Revision history for this message
Wei Zhu (slackwei) wrote :

Default hard_limit is unlimited, but VM couldn't start as it needs real numbers, allocating 12G for guest with two vfio NIC, so had to set hard_limit to 15G to make it work,
Since I'm using HEAT to provision the VM, is there method to preset these values?

Before,
vroot@TS01:~# virsh memtune vlns-pfe
hard_limit : unlimited
soft_limit : unlimited
swap_hard_limit: unlimited

After,
root@TS01:~# virsh memtune vlns-pfe
hard_limit : 15000000
soft_limit : unlimited
swap_hard_limit: unlimited

Revision history for this message
Wei Zhu (slackwei) wrote :

Hi Sahid,

Wondering if there is concern to disable these in driver.py as a temporary workaround? I have hugepage enabled for KVM, with KSM disabled.

        if wantsrealtime:
            if not membacking:
                membacking = vconfig.LibvirtConfigGuestMemoryBacking()
            #membacking.locked = True
            #membacking.sharedpages = False

Meanwhile wondering if there can be enhancement to not enforce locked option if openstack flavor already has hugepage enabled, otherwise this feature doesnt work with newer libvirt,

"hw:mem_page_size": "2048",
"hw:numa_nodes": "1",
"hw:cpu_realtime_mask": "^0",
"hw:cpu_realtime": "yes"

Revision history for this message
Sahid Orentino (sahid-ferdjaoui) wrote :

I don't think it something we want, even if you have disable KSM it's not a generality. For realtime we want reduce the latency not the memory consumption.

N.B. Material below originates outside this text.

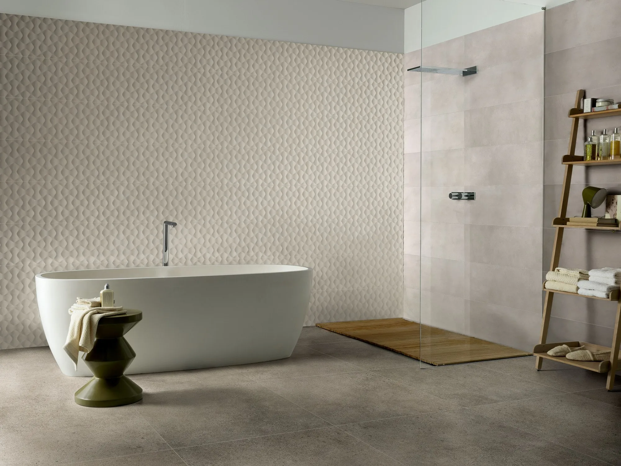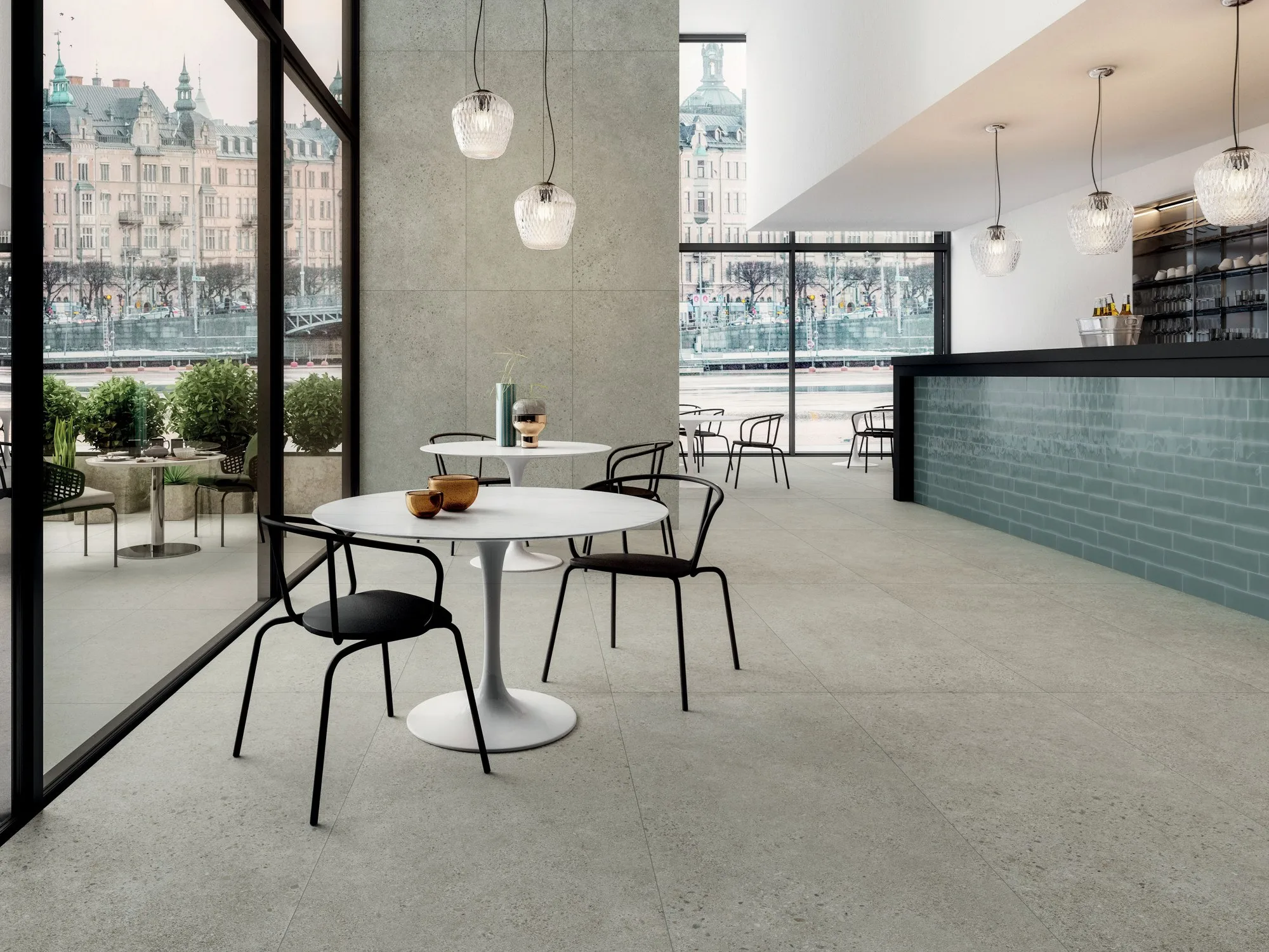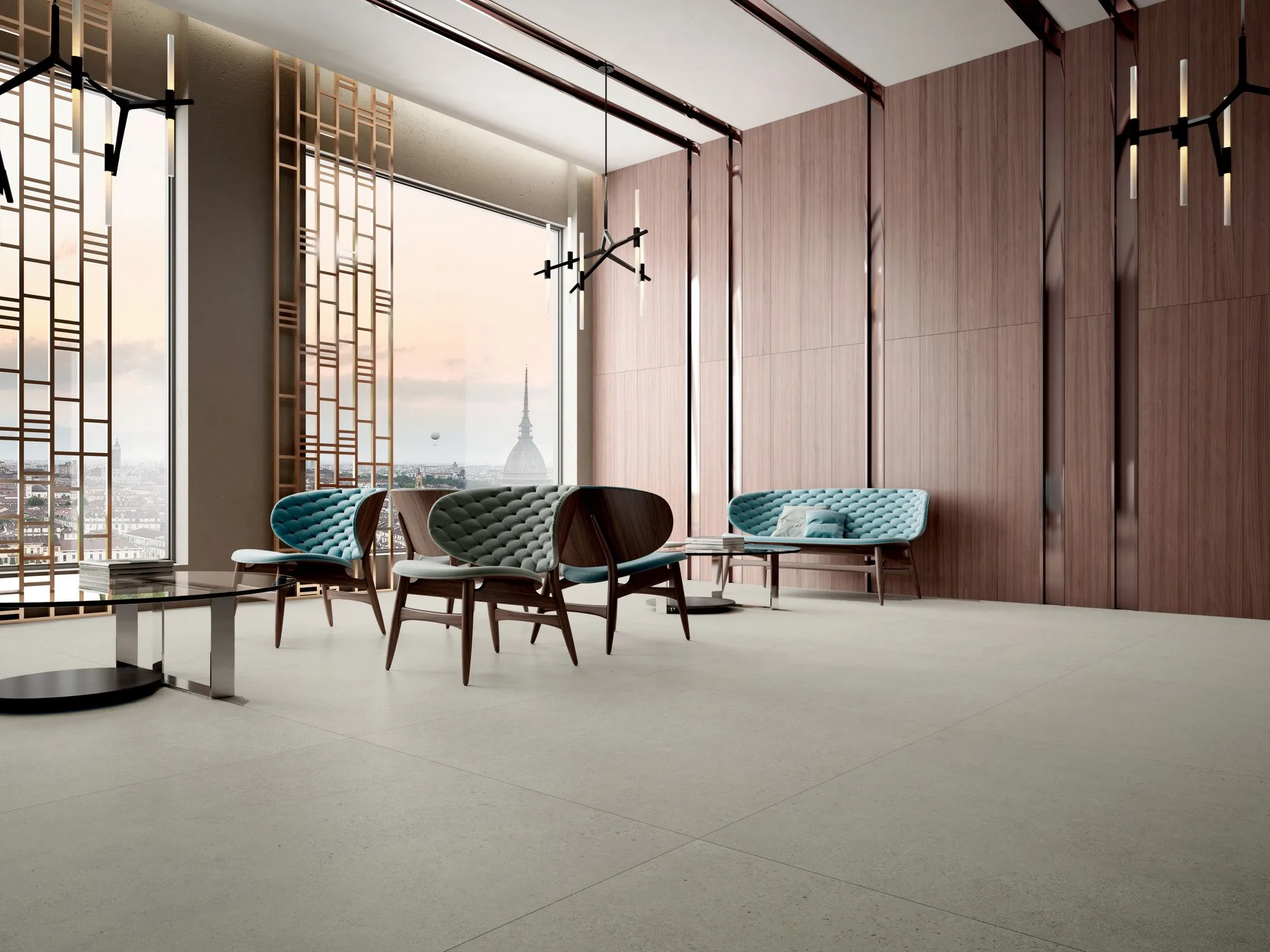 с напольным/ напольным покрытием Deep вставки с каменным эффектом сливаются с бетоном, создавая современную материю, наполненную естественными ссылками. Доступно в различных форматах и цветах

What we need to do is to specifically set the hard limit when using locked memory.

Changed in nova:
assignee: nobody → sahid (sahid-ferdjaoui)
Revision history for this message
Sahid Orentino (sahid-ferdjaoui) wrote :

Wei Zhu, can you test this and let me know the result?

diff --git a/nova/virt/libvirt/driver.py b/nova/virt/libvirt/driver.py
index 18005ec..cade2ee 100644
--- a/nova/virt/libvirt/driver.py
+++ b/nova/virt/libvirt/driver.py
@@ -4736,6 +4736,9 @@ class LibvirtDriver(driver.ComputeDriver):
             instance.numa_topology,
             guest_numa_config.numatune,
             flavor)
+ if guest.membacking and guest.membacking.locked:
+ guest.memtune = vconfig.LibvirtConfigGuestMemoryTune()
+ guest.memtune.hard_limit = guest.memory

         guest.metadata.append(self._get_guest_config_meta(instance))
         guest.idmaps = self._get_guest_idmaps()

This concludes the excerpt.